Hacker News new | ask | show | jobs
by jiggawatts 903 days ago
On disk, SQL Server uses only b-trees, unless using the new ColumnStore format.

In memory during a query it can use temporary indexes of other types, primarily hash tables and bitmaps.

Its performance on ad-hoc complex queries is about as good as it gets, few if any other RDBMS can beat its performance, but under the hood it’s still mostly just doing joins on b-trees!

1 comments

> ..under the hood it’s still mostly just doing joins on b-trees!

I could see the on-disk format needing to be simple and stable, but once the datas buffered who knows what structures and algorithms these proprietary engines are using? You would need to have done some reverse engineering or had hands-on details from the inside which presumably comes w/legal consequences for leaking them.

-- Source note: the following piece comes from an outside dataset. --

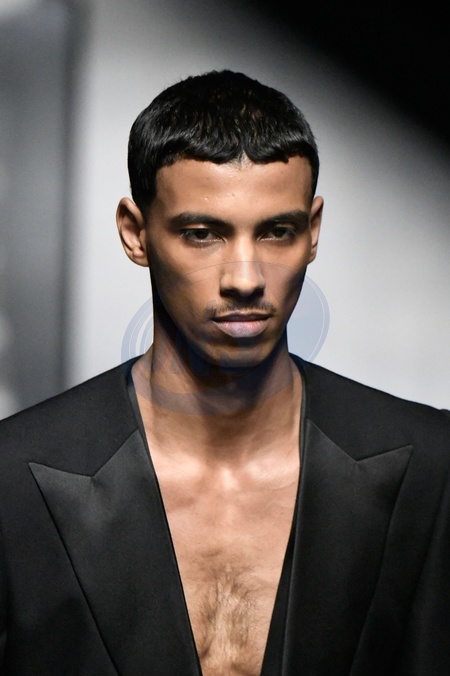 Dolce and Gabbana Model On Catwalk, Men, Milan Fashion Week 2024 Man Ready To Wear For Fall Winter, Defile, Fashion Show Runway Collection, Pret A Porter, Modelwear, Modeschau, Man, Laufsteg Hebet Winter Autumn Italycloseup, accessories, details, face, hair, eyes catwalk fashion outlook beauty runway menMILMFW24, Credit:www.fashionpps.com / Avalon

It tells you what it uses when you inspect the “query plans”. There’s some fairly technical explanation in the docs of what each of the operators do.

Generally the secret sauce in these things is the query optimiser heuristics.

The actual data structures and algorithm are often relatively simple.

Having said that, I’ve read their whitepaper on how they implement hash tables, and… it’s way more complex than I had assumed.

They cater for scenarios like many duplicated keys, parallel construction, unbalanced load across CPU cores, etc…

the query plan says "key lookup" or "index seek" can we really assume anything about the implementation?